Tech, the State, and Militarism
America’s tech sector has also played a major role in the ongoing genocide. Amazon and Google, for instance, have both furnished Israel’s army and leading arms manufacturers with cloud services across the past twenty months.
Since October 2023, Google and Microsoft have also provided Israel’s army with their leading AI models, earning themselves public commendations from Colonel Racheli Dembinsky, the commander of the Israeli army’s Center of Computing and Information Systems Unit, in the process. Furthermore, capital from Silicon Valley has served to bolster the macroeconomic stability of the Israeli economy. The March 2025 acquisition of an Israeli cloud security firm (Wiz) for $32 billion by Alphabet, the parent holding company of Google, was the largest acquisition in the company’s history and a significant life raft to the Israeli economy.
But tech’s involvement in the genocide is not simply the result of the underlying bonds between America and Israel’s economies. It also a product of the businesses model of tech firms in the twenty-first century.
In recent years, tech has become increasingly dependent on states rather than private consumers to make profits. To varying degrees, Silicon Valley’s behemoths are all struggling to deal with three interrelated problems: competition from Chinese firms; concerns over the long-term viability of advertising and cloud rent streams; and worry that their enormous capital expenditures on AI infrastructure might not bear fruit.

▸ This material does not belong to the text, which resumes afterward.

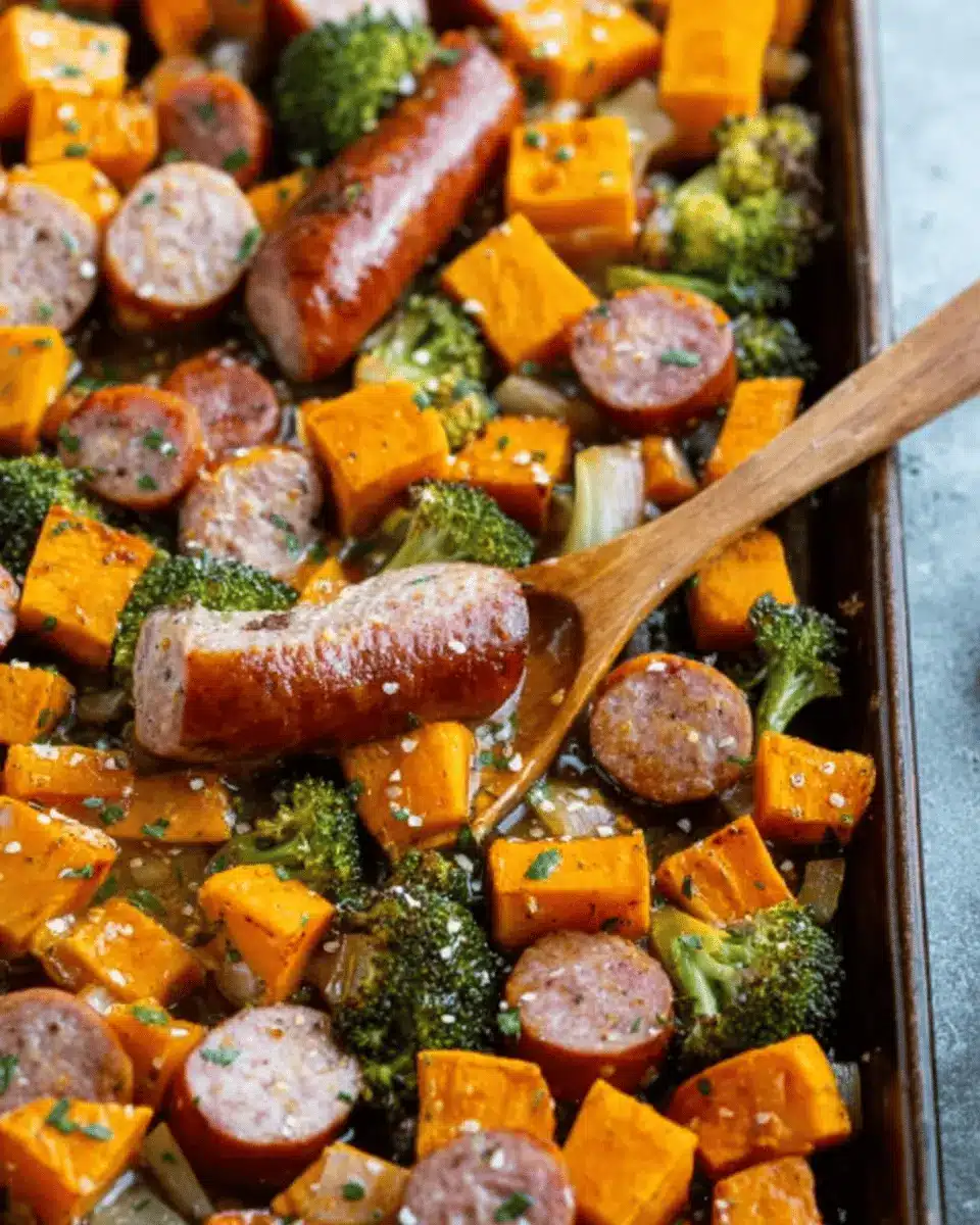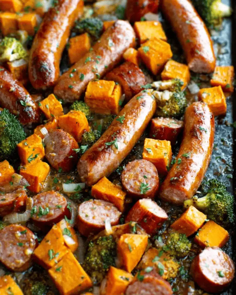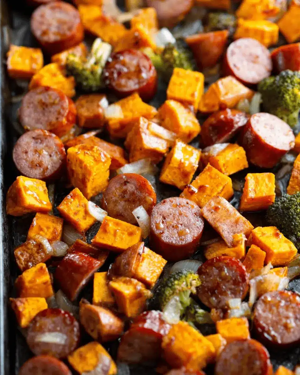 Once your sauce is ready, it’s time to put everything together. Drizzle the honey garlic sauce over the sausage slices, sweet potatoes, and broccoli. Make sure each piece is seasoned well with salt and pepper to taste. Toss everything gently—this is where you want to ensure all your ingredients are thoroughly coated in that luscious sauce. Arrange them in a single layer on the greased sheet pan to allow for even roasting.

In these conditions, most major firms have recognized that winning government contracts is an essential hedge against insecurity. Worrying about the prospect of profit-making in the civilian economy, American tech, like the United States’ private equity and venture capital industries, has also come to see defense and security as especially promising growth markets.
By contracting with the Israeli state, these tech firms are able to gain a source of revenue, an opportunity for field testing services and advertising service applications, and a means of staying in the Pentagon’s good graces. As the Marxist economist Rosa Luxemburg observed a century ago, militarism helps to bind the bourgeoisie to the capitalist state. In Gaza, militarism draws in finance capital via Israel’s billion-dollar orders from the Wall Street–owned General Dynamics, Lockheed Martin, and Northrop Grumman. But it also draws the support of a tech industry whose mantra just a decade ago was “Don’t Be Evil.”